HOW TO COMPLETE THIS TASK: Beginning at the line that contains "2-03 VG-86 VVV+V", output each line exactly through the end of the records, and drop any pictures.

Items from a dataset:
• • • • •

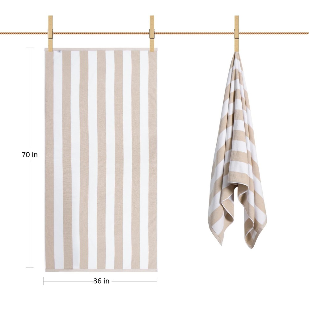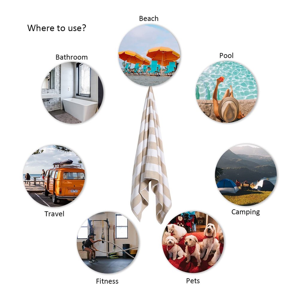 This beach towel is a game-changer! Super soft, ultra-absorbent, and huge enough to lounge on comfortably. The colors stay vibrant even after multiple washes, and it dries quickly. Perfect for beach days, poolside naps, or even as a cozy throw. Love the stylish stripes—great quality for the price!
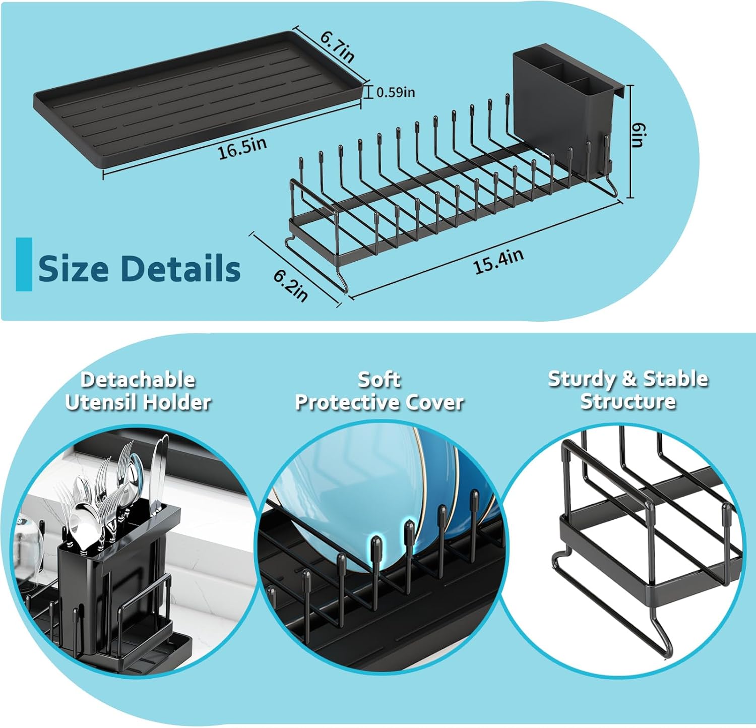 - COMPACT DESIGN: A small dish drying rack designed for limited spaces! Take up less counter space but holds a good amount of dishes. DIMENTION: 16.5"L x 6.7"W x 6"H. Fits perfectly beside the kitchen sink, in/under the cabinet or cabinet drawer. Suitable for small kitchen, small apartment, campers, RVs and more.
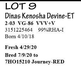 2-03 VG-86 VVV+V 3151225464 99%RHA-I Born 4/10/18 Fresh 4/29/20 Bred 7/9/20 to 7HO15210 Journey-RED
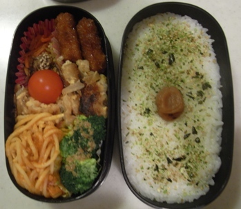 続いて次の日、1月29日分。日曜日ですが、部活部活・・・です。紅実弁当 鮭わかめ混ぜご飯、梅干ナポリタン(冷凍)フレンチフライ卵マヨチキンカツ(冷凍)ブロッコリーマカロニサラダ塩シャケししゃもごぼうとキャベツの炒め物(取り置き)マヨチキンカツドッグ 大森屋 混ぜごはんの素 梅しそ 33g【イージャパンモール】香り高い本格スパイスが魅力の混ぜご飯の素です。土佐はちきん地鶏 土佐はちきん地鶏 混ぜカレー 110g 【02P26Jan12】栄養たっぷり混ぜご飯の素【ひじきごはん 紅鮭入】50g【10P3Feb12】 キッコーマン食品 キッコーマン うちのごはん 混ぜごはんの素 ジャージャー飯 甘辛みそ味 57g*2袋北海道産の焼き鮭を丁寧にほぐし、北海道産昆布と野沢菜を加えた彩り鮮やかな混ぜごはんの素です。まぜこみ 鮭野沢菜ごはん (3合用)[CODE:0040018]国産の原料のみを使用した混ぜご飯の素 かつおの旨みとちりめんのコク♪梅酢の酸味としそが食欲をそそります☆彡混ぜご飯の素 144g浜名湖山吹 混ぜごはんの素「うなつくし」3人前【楽ギフ_のし宛書】・・・・こうしてみると、うまそうな混ぜご飯のもとって、たくさん売ってるのね・・・でも、弁当にはもったいないかもどーせ味わってくれないしさっ
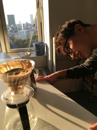 「ぼく、インターンの マツザキといいます。 いま、こちらでお世話になってます。 これは さんに言われて 淹れたコーヒーです」

• • • • •

OUTPUT OF THE TASK:
 2-03 VG-86 VVV+V 3151225464 99%RHA-I Born 4/10/18 Fresh 4/29/20 Bred 7/9/20 to 7HO15210 Journey-RED
 続いて次の日、1月29日分。日曜日ですが、部活部活・・・です。紅実弁当 鮭わかめ混ぜご飯、梅干ナポリタン(冷凍)フレンチフライ卵マヨチキンカツ(冷凍)ブロッコリーマカロニサラダ塩シャケししゃもごぼうとキャベツの炒め物(取り置き)マヨチキンカツドッグ 大森屋 混ぜごはんの素 梅しそ 33g【イージャパンモール】香り高い本格スパイスが魅力の混ぜご飯の素です。土佐はちきん地鶏 土佐はちきん地鶏 混ぜカレー 110g 【02P26Jan12】栄養たっぷり混ぜご飯の素【ひじきごはん 紅鮭入】50g【10P3Feb12】 キッコーマン食品 キッコーマン うちのごはん 混ぜごはんの素 ジャージャー飯 甘辛みそ味 57g*2袋北海道産の焼き鮭を丁寧にほぐし、北海道産昆布と野沢菜を加えた彩り鮮やかな混ぜごはんの素です。まぜこみ 鮭野沢菜ごはん (3合用)[CODE:0040018]国産の原料のみを使用した混ぜご飯の素 かつおの旨みとちりめんのコク♪梅酢の酸味としそが食欲をそそります☆彡混ぜご飯の素 144g浜名湖山吹 混ぜごはんの素「うなつくし」3人前【楽ギフ_のし宛書】・・・・こうしてみると、うまそうな混ぜご飯のもとって、たくさん売ってるのね・・・でも、弁当にはもったいないかもどーせ味わってくれないしさっ
 「ぼく、インターンの マツザキといいます。 いま、こちらでお世話になってます。 これは さんに言われて 淹れたコーヒーです」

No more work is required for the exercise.